Zie je nou dat het wél snel kan!
“Eh, wat bedoel je?”
De wereldtitel van de Nederlandse estafettemannen op de 4 x 400 meter twee weken geleden: dat is jou nooit gelukt.
“Ha! Dat klopt! De estafette is een prachtig voorbeeld van een onderdeel in de sport waarin men altijd bezig is geweest met de vraag hoe het sneller kan. Het is heus niet zo dat het land met de vier snelste sprinters altijd wint. Het gaat erom hoe snel je je estafettestok doorgeeft. Het analyseren daarvan gebeurde al heel vroeg en is een voorbeeld geweest voor andere sporten. En zeker voor andere atletiekdisciplines.”
Hoe analyseerde jij je races vroeger?
“Ach, dat was een wereld van verschil met hoe het nu gaat.

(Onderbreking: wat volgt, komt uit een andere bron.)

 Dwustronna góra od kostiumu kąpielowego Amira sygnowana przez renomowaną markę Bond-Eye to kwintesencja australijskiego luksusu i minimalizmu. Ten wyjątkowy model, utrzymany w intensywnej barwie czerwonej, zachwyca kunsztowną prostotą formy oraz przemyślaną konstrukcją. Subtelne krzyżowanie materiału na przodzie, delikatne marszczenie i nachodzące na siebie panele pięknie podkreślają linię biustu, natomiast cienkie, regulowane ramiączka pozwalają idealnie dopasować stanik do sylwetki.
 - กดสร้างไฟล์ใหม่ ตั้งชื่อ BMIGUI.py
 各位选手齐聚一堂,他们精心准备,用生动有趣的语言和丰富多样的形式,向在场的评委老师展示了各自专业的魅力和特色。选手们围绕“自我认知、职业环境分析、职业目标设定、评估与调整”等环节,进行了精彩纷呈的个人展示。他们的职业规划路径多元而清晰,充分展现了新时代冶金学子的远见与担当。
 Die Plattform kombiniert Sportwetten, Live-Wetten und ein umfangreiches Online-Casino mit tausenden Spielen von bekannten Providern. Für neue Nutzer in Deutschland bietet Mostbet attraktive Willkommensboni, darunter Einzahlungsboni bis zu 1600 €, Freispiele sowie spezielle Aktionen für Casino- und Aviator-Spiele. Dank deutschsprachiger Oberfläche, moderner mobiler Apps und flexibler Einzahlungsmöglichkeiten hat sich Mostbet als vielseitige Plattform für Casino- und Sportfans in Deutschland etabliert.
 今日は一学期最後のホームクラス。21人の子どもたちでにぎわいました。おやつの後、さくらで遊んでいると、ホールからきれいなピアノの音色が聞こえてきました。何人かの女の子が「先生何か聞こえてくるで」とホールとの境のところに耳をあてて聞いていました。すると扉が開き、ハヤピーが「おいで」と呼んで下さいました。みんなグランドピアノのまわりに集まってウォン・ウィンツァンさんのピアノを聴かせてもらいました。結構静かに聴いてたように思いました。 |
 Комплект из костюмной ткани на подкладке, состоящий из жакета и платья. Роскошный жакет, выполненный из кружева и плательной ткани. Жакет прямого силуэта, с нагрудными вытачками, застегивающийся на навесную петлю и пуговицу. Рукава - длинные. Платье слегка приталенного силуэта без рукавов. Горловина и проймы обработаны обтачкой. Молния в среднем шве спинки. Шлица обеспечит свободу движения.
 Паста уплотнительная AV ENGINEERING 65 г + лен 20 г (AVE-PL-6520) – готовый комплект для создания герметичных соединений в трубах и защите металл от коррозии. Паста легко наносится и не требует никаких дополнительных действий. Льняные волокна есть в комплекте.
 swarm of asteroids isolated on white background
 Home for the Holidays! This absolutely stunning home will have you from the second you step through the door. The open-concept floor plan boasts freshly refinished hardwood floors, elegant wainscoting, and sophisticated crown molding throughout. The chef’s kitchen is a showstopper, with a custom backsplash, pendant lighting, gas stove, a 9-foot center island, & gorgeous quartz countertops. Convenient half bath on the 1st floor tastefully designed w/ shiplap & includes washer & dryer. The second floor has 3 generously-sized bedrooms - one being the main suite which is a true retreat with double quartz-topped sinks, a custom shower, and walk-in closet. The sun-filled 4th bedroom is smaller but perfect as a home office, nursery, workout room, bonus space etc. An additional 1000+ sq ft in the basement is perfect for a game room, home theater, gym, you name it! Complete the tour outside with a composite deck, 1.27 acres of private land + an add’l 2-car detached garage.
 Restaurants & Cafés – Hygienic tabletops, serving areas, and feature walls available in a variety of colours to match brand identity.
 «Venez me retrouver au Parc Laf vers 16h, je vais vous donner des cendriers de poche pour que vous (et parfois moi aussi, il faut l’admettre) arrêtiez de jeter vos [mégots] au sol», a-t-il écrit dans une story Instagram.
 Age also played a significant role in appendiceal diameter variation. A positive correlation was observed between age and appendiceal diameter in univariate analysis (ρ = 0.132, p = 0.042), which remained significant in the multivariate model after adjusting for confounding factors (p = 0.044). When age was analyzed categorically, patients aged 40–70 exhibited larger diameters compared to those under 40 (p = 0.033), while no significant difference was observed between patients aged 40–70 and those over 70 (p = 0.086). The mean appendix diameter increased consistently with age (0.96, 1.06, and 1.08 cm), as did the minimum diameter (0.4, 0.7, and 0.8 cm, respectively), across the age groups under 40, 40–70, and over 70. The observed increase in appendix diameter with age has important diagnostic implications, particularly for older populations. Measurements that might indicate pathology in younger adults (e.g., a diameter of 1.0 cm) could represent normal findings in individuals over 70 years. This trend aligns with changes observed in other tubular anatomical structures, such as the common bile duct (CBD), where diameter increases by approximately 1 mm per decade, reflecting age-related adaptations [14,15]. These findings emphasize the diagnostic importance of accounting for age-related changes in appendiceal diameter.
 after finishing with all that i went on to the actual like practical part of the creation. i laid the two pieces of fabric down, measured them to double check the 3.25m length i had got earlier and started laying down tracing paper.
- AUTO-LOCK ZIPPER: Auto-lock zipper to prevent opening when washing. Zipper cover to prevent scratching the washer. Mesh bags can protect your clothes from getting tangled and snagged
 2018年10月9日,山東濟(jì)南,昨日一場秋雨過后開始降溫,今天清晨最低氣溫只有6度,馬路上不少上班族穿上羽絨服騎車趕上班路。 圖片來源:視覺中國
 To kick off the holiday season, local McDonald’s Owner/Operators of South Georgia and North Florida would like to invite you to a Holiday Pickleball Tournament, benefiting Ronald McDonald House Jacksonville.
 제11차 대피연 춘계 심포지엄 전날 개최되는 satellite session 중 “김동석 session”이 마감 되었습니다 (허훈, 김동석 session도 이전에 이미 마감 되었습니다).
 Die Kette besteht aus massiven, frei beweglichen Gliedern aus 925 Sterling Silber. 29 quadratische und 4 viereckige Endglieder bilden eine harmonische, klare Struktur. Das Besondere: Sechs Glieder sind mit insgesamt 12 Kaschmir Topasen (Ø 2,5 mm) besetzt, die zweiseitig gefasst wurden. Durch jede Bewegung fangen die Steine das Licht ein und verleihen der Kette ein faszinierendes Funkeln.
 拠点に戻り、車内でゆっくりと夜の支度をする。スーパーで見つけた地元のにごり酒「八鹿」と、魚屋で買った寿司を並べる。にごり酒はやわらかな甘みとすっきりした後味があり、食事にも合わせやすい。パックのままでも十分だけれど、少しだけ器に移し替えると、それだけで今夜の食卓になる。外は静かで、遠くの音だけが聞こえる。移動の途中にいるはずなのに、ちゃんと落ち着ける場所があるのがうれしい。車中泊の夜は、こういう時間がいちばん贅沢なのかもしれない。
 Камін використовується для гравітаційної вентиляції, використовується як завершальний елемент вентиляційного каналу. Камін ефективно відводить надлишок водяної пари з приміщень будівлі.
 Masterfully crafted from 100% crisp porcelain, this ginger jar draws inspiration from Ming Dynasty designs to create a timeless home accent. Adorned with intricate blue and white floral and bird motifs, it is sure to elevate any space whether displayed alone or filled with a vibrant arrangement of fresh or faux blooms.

In mijn tijd – en dat is niet eens héél lang geleden nam je met een videocamera je race op en speelde je de opname vervolgens beeldje voor beeldje af. Dat was al heel wat. Inmiddels is dat soort apparatuur natuurlijk veel verder ontwikkeld. Maar dat niet alleen.
Een sporter heeft nu ook een veel groter team om zich heen. Ik bekeek de beelden samen met mijn coach.
Tegenwoordig doen ze dat met een wetenschapper. Een bewegingswetenschapper, die ook nog eens fulltime in dienst is. Iemand die precies weet hoe hij of zij de data moet interpreteren.
Dafne Schippers weet na elke training precies hoelang ze contact met de grond heeft gemaakt en hoe snel ze op de eerste twintig, dertig meter is geweest. Ik had dat soort meetapparatuur niet."
Sportlab Sedoc is toch hopelijk wel een beetje leuk om naar te kijken?
Of komen er alleen maar oude grijze professoren in beeld?
“Nééé, natuurlijk niet. Geloof me, het wordt zeker geen wittejassenverhaal. Op een luchtige manier laat ik zien dat topsport veel meer is dan alleen keihard trainen. De wetenschappers bij wie ik langsga, vertellen gepassioneerd over welke voordelen Annemiek van Vleuten uit haar trainingen in een windtunnel kan halen in aanloop naar de olympische tijdrit. Of hoeveel verschil alleen haar pak al kan maken. Ten opzichte van een gladde stof zorgen ribbeltjes op haar kleding ervoor dat de wind beter afkaatst.
Dat soort details kunnen het verschil maken tussen goud winnen of vierde worden. Ik ben ook langsgegaan bij Rini Wagtmans, die in zijn tijd nog een buskaartje moest kopen om het parcours te verkennen. Nou, nu gaat – dat heel anders, kan ik je alvast verklappen.”
Wat heeft je het meest verbaasd tijdens het maken van het programma?
“Dat is iets dat over Kiran Badloe gaat, de windsurfer. Je zult begrijpen dat het in zijn sport nogal een voordeel is als je op de hoogte bent van de windvoorspellingen en dan met name van de meest recente. Als je tegenstanders verwachten dat de wind pas om 15:00 uur gaat draaien en jij weet als enige dat dit al om 14.30 uur het geval is, kun je daar je voordeel mee doen. In Tokio krijgt de coach van Kiran een uur voor de wedstrijd de laatste informatie binnen, vlak voordat Kiran het water op gaat. Ergens in Amsterdam staat een computer te loeien die hem à la minute de laatste info doorstuurt. Degene die in Tokio het weerbericht presenteert, heeft minder gegevens tot zijn beschikking en is dus minder nauwkeurig dan die computer in Amsterdam. Bizar. En dat alleen maar voor die ene dag.”
Zelf heb je ook nog wat sporten aan den lijve ondervonden?
“Ja, hartstikke leuk. Ik ben een hittekamer ingegaan waarin de temperatuur en de luchtvochtigheid van Tokio waren nagebootst en heb daarin virtueel de olympische tijdrit gefietst. Ik ben het water opgegaan om te kijken wat Kiran ervaart, ik heb in de rolstoel van paralympisch triatleet Jetze Plat gezeten en ik heb de 200 meter gelopen tegen Dafne Schippers.”
En? Gewonnen?
“Ha, dat verklap ik natuurlijk niet. Maar ik denk dat je het antwoord wel kunt raden.”